Essa cultura não pode ser entendida isoladamente, pois depende de uma sociedade específica na qual está inserida, que oferece estruturas características e diferenciadas, desse modo, ela não ocorre do mesmo modo em todos os lugares. Como toda cultura, ela é produzida pelos participantes em um duplo movimento: interno e externo. Mesmo com a influência e incorporação de elementos externos da cultura geral, a experiência nunca é transferida para o indivíduo, mas o mesmo é um co-construtor das significações dadas aos objetos. “ [...] A criança vai agir em função da significação que vai dar a esses objetos, adaptando-se à relação dos outros elementos da interação, para reagir também e produzir assim novas significações que vão ser interpretadas pelos outros. ” (BROUGÈRE, 2008, p. 27).

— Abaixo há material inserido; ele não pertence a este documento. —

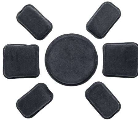
AIRESUPPORT SUSPENSION SYSTEM
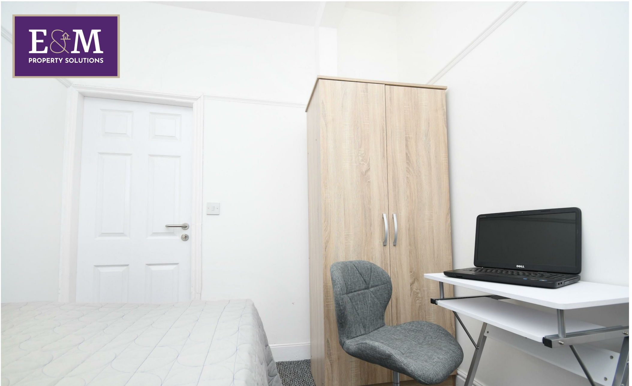
ROOM 4, 11 St. Ignatius Square, Preston, Lancashire, PR1 1TT £110 Per week
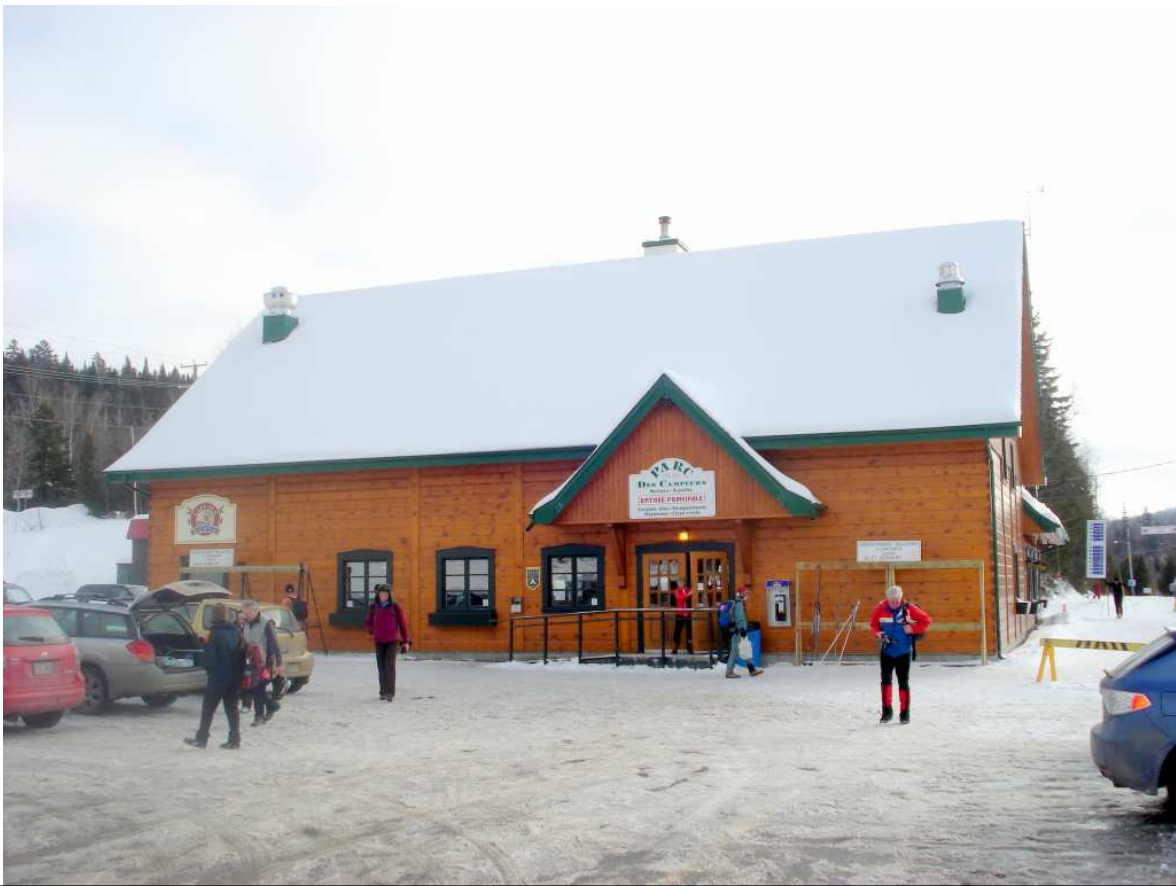
Deservedly award winning - Les Grands Prix du Tourisme Quebecoise 2002 – Le Parc des Campeurs centre offers full facilities, complimented with delightful 47 km network of groomed trails.

Uma vez que a brincadeira não é criada na espontaneidade, mas a partir de uma aprendizagem social, admite-se a existência de uma convenção entre todos os brincantes em relação às regras e decisões. Por fim, a brincadeira é “um espaço de

socialização, de domínio da relação com o outro, de apropriação da cultura, de exercício da decisão e da invenção” (BROUGÈRE, 2006, p. 103-104).

Por estar inserido em um contexto social, o brinquedo também revela muito sobre determinada cultura, o que ilustra ser um objeto que remete a elementos do real e do imaginário das crianças. Para Brougère, antes de tudo, o brinquedo é considerado como suporte de uma representação, de uma brincadeira. É durante a brincadeira que a criança confere significado ao brinquedo, por isso, o mesmo é manifesto pelo domínio do valor simbólico sobre a função, uma vez que o simbólico é a própria função. Portanto, o brinquedo possibilita ações coerentes com as representações feitas nas brincadeiras (BROUGÈRE, 2001).

Ao mesmo tempo em que o brinquedo é suporte de ação, traz também imagens e símbolos para manipulação, o que na sua totalidade caracteriza as duas dimensões que o constitui: a dimensão funcional e a simbólica. Assim, o brinquedo possui dois importantes aspectos: seu aspecto material e a representação. O aspecto material diz respeito à expressão em volume, a forma que possui. Já a representação diz respeito ao aspecto do brinquedo ser uma reprodução da realidade, adaptada e modificada. “A criança não se encontra diante de uma representação fiel do mundo real, mas sim de uma imagem cultural que lhe é particularmente destinada.” (BROUGÈRE, 2001, p. 43). Portanto, mesmo não sendo utilizado em uma brincadeira, ele conserva seu caráter de objeto destinado à criança. Esse é o fator que diferencia o brinquedo do jogo, pois esse último é destinado tanto às crianças quanto aos adultos, dotado de regras e que supõe uma função determinante.

Considerado como objeto, possuidor de conteúdo simbólico ou inserido em uma dimensão funcional, o brinquedo é rico em fator de socialização, possibilita um contato com a dimensão cultural da sociedade, permite a transmissão de esquemas sociais e a manipulação de códigos culturais.

Entendido como uma atividade não natural, mas que necessita aprendizagem, o brincar é abordado por Brougère sob uma perspectiva cultural. A atividade brincante é empreendida quando a criança simboliza o real através de suas ações e objetos, o que possibilita a confrontação com a realidade. Uma vez que o mundo é apropriado e transformado em atividade conduzida e significada, o brincar se torna porta de entrada e confrontação com a cultura em que a criança está inserida e se torna espaço de aprendizagem social.